Exactly as they appear below, repeat the lines from the one with "We came here" through the one with "Case 261 and 262 side rake parts manual". Drop every picture.

PROVIDED DATA ->
· · · ·

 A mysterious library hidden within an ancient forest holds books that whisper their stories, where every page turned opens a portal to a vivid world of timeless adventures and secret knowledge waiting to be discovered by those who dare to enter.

· · · ·

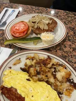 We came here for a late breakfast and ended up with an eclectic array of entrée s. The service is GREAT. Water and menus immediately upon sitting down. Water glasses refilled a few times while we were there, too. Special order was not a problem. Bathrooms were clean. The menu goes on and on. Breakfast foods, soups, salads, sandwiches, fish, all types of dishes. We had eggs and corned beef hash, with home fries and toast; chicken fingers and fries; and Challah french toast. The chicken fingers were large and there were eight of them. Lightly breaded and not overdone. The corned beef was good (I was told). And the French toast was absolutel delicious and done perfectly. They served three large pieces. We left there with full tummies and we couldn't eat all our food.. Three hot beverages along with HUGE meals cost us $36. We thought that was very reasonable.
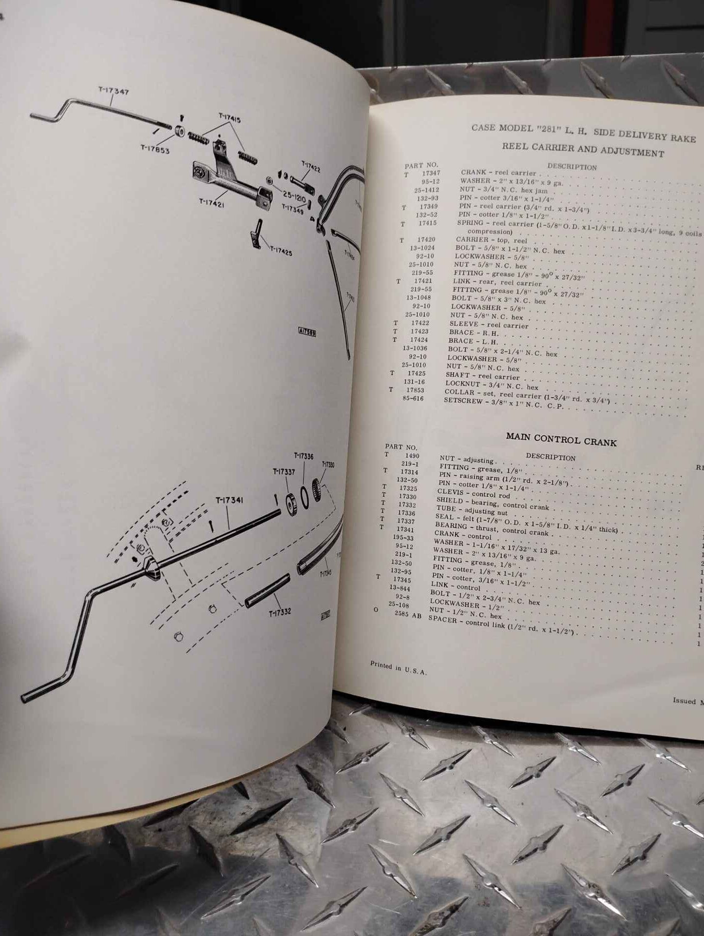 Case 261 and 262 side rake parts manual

· · · ·

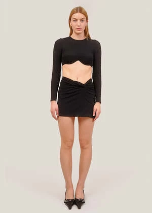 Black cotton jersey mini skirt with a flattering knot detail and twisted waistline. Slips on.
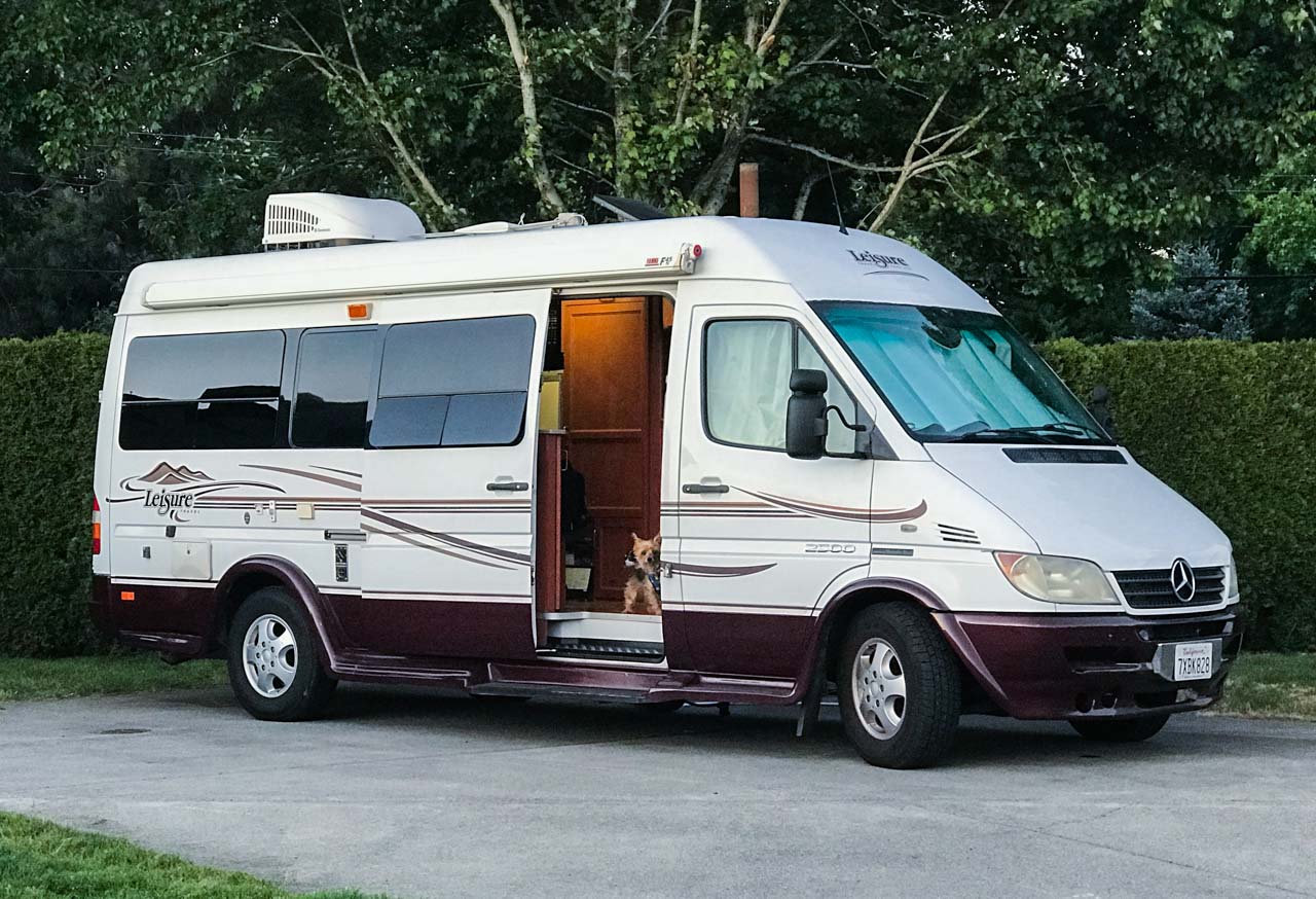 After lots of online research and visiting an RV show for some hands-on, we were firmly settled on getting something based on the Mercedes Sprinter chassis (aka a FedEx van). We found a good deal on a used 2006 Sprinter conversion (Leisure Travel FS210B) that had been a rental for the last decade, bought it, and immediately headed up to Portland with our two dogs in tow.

· · · ·

SOLUTION TO THE EXERCISE ->
 We came here for a late breakfast and ended up with an eclectic array of entrée s. The service is GREAT. Water and menus immediately upon sitting down. Water glasses refilled a few times while we were there, too. Special order was not a problem. Bathrooms were clean. The menu goes on and on. Breakfast foods, soups, salads, sandwiches, fish, all types of dishes. We had eggs and corned beef hash, with home fries and toast; chicken fingers and fries; and Challah french toast. The chicken fingers were large and there were eight of them. Lightly breaded and not overdone. The corned beef was good (I was told). And the French toast was absolutel delicious and done perfectly. They served three large pieces. We left there with full tummies and we couldn't eat all our food.. Three hot beverages along with HUGE meals cost us $36. We thought that was very reasonable.
 Case 261 and 262 side rake parts manual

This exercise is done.